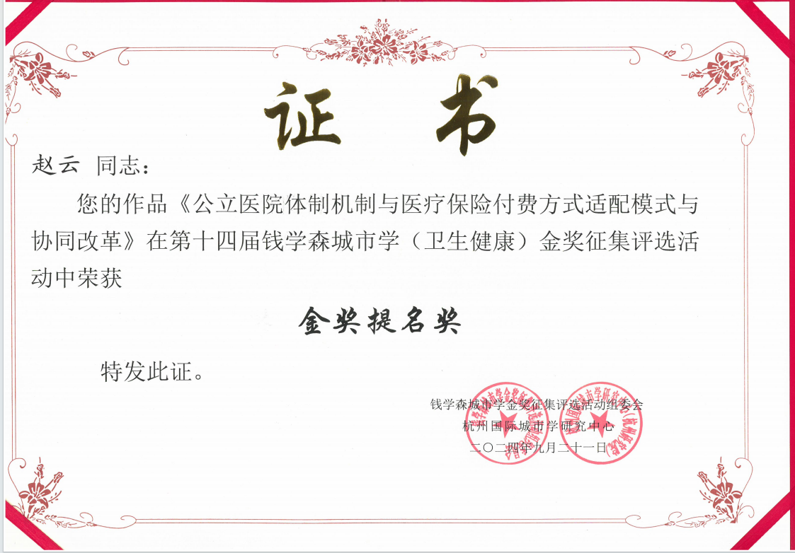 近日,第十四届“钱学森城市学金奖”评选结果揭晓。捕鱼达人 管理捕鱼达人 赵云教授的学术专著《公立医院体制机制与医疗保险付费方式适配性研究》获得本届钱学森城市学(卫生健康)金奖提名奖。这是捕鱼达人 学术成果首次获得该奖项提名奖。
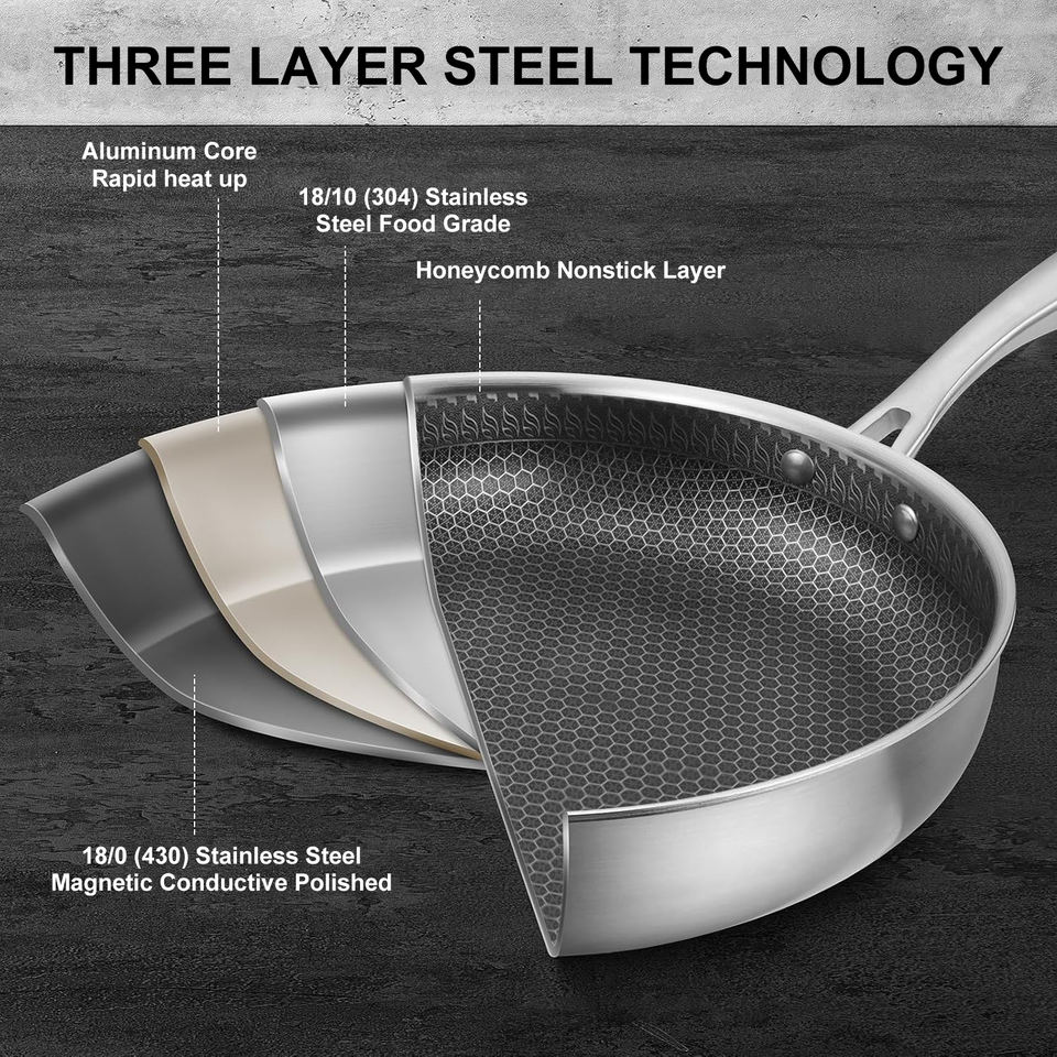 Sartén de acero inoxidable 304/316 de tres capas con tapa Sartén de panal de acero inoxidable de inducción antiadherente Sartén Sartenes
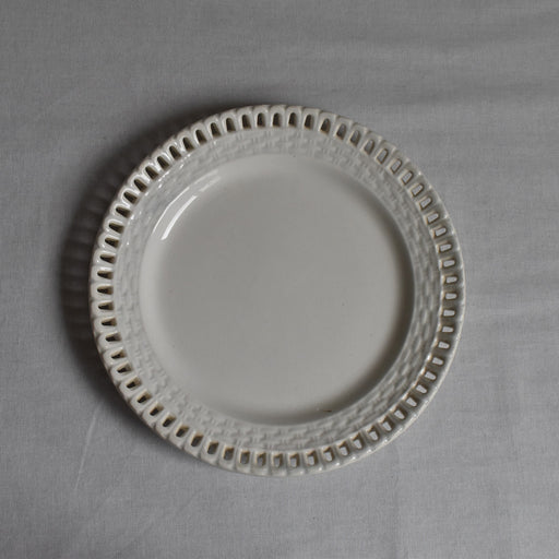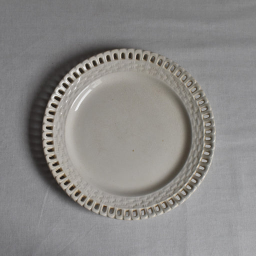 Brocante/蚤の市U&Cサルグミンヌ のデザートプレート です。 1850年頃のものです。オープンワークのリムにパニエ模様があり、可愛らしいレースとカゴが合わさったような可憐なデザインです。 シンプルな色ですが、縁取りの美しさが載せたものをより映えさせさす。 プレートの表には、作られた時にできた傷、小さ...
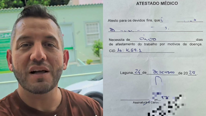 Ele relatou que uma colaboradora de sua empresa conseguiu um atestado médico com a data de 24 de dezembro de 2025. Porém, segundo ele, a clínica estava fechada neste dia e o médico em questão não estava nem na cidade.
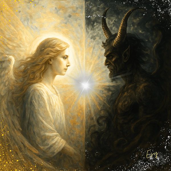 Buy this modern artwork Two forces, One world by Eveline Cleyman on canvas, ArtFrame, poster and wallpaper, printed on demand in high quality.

- **Task instructions**: Repeat the material above exactly, so that every entry appears but no picture does.

- **Answer box**:
 近日,第十四届“钱学森城市学金奖”评选结果揭晓。捕鱼达人 管理捕鱼达人 赵云教授的学术专著《公立医院体制机制与医疗保险付费方式适配性研究》获得本届钱学森城市学(卫生健康)金奖提名奖。这是捕鱼达人 学术成果首次获得该奖项提名奖。
 Sartén de acero inoxidable 304/316 de tres capas con tapa Sartén de panal de acero inoxidable de inducción antiadherente Sartén Sartenes
 Brocante/蚤の市U&Cサルグミンヌ のデザートプレート です。 1850年頃のものです。オープンワークのリムにパニエ模様があり、可愛らしいレースとカゴが合わさったような可憐なデザインです。 シンプルな色ですが、縁取りの美しさが載せたものをより映えさせさす。 プレートの表には、作られた時にできた傷、小さ...
 Ele relatou que uma colaboradora de sua empresa conseguiu um atestado médico com a data de 24 de dezembro de 2025. Porém, segundo ele, a clínica estava fechada neste dia e o médico em questão não estava nem na cidade.
 Buy this modern artwork Two forces, One world by Eveline Cleyman on canvas, ArtFrame, poster and wallpaper, printed on demand in high quality.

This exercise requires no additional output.